L'Espagne limoge son ambassadeur à Tel Aviv et réduit sa représentation diplomatique en Israël

L'Espagne a décidé de pérenniser le retrait temporaire de son ambassadeur en Israël. Le (BOE) publie ce mercredi le limogeage d'Ana Sálomon Pérez comme chef de la mission diplomatique à Tel Aviv. Le limogeage, convenu lors du dernier Conseil des ministres, signifie que l'Espagne laisse vacant le poste d'ambassadeur et abaisse sa représentation au niveau de chargé d'affaires. Cette décision, à laquelle le ministère des Affaires étrangères avait résisté jusqu'à présent, place l'ambassade d'Espagne en Israël dans la même situation que l'ambassade d'Israël en Espagne, gouvernée par un chargé d'affaires depuis que le gouvernement de Benjamin Netanyahu a retiré son ambassadrice, Rodica Radian-Gordón, en mai 2024, après la reconnaissance de l'État palestinien.

À son tour, Sálomon a été convoquée à des consultations en septembre de l’année dernière, pour protester contre les insultes du chef de la diplomatie israélienne, Gideon Saar, qui a qualifié le gouvernement espagnol d’« antisémite », et depuis lors, elle est en Espagne. Son licenciement n'a aucun rapport avec sa direction, comme l'ont souligné des sources diplomatiques, et reflète la BOE elle-même, qui le remercie pour les services rendus. La décision, de nature politique, aggrave la crise diplomatique entre les deux pays et signifie que l'Espagne devra nommer un nouvel ambassadeur et demander l'approbation des autorités israéliennes lorsqu'elles souhaiteront normaliser les relations.
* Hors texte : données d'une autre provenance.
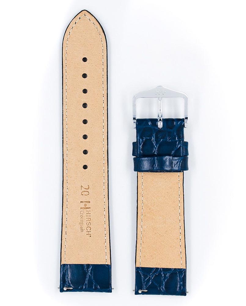 Modrý řemínek k hodinkám Hirsch Crocograin - pro milovníky klasických kožených řemínků. Vysoce kvalitní, lesklá přírodní kůže s dokonalou imitací struktury krokodýlí kůže. Měkké a příjemné na dotek díky vodě a potu odolné podšívke Softglove . Crocograin řemínek vytvořený pro elegantní a klasické dámské a pánské hodinky.
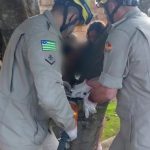 Bombeiros foram acionados pela mãe para retirar o menino, que teve ferimentos leves na perna.

En revanche, la ministre de la Défense, Margarita Robles, a exclu que la frégate, arrivée ce mercredi à Chypre en escortant le porte-avions nucléaire français, l'accompagne dans sa nouvelle mission de réouverture du détroit d'Ormuz, annoncée par le président français Emmanuel Macron. « C'est une mission qui, si elle est évoquée par la France, est un problème pour la France, mais pour l'instant, au niveau international, elle n'a été soulevée ni au sein de l'OTAN ni dans l'Union européenne et, par conséquent, l'Espagne n'a rien à dire », a ajouté Robles, qui a ajouté que les forces armées espagnoles ne participeront jamais à une mission sans l'égide d'une organisation internationale.

Après avoir montré son respect pour les opérations que peut entreprendre la France, il a assuré que « la mission est ce qu'elle est : atteindre Chypre, comme nous y sommes arrivés, et être sur des missions de sécurité, de défense et de maintien de la paix ». Il a également exclu l'envoi de dragueurs de mines, compte tenu des nouvelles concernant l'exploitation minière du détroit d'Ormuz par l'Iran, affirmant que les navires de ce type de la marine espagnole opèrent déjà avec les flottes permanentes de l'OTAN. « Nous allons participer aux missions que nous effectuons et cela n'est pas prévu pour le moment », a-t-il souligné.

Le ministre de la Défense a justifié que l'envoi de la frégate à Chypre n'est pas soumis à l'approbation du Congrès en invoquant l'article 17.1 de la loi organique de la défense nationale de 2005, selon lequel, « pour ordonner des opérations à l'étranger qui ne sont pas directement liées à la défense de l'Espagne ou à l'intérêt national, le gouvernement procédera à une consultation préalable et obtiendra l'autorisation du Congrès des députés ». Il est ainsi tenu pour acquis que la protection du pays le plus oriental de l’UE est « directement » liée à l’intérêt national ou à la défense de l’Espagne.

Robles a visité le Commandement des opérations (Mops), depuis lequel il a tenu des vidéoconférences avec plusieurs contingents déployés à l'étranger. Il y a actuellement 4 512 militaires participant aux opérations de l’OTAN, de l’ONU ou de l’UE, un volume pratiquement sans précédent. La ministre a exprimé son inquiétude quant à la situation des près de 700 soldats espagnols déployés au sud du Liban, soumis aux bombardements continus et à une invasion terrestre des troupes israéliennes. Après s'être assuré que toutes les mesures de sécurité étaient adoptées, il a signalé qu'un avion A400M de l'Armée de l'Air a effectué avec succès un vol d'urgence vers Beyrouth, malgré la fermeture de son espace aérien, pour évacuer une soldate espagnole souffrant d'une grave maladie qui mettait sa vie en danger.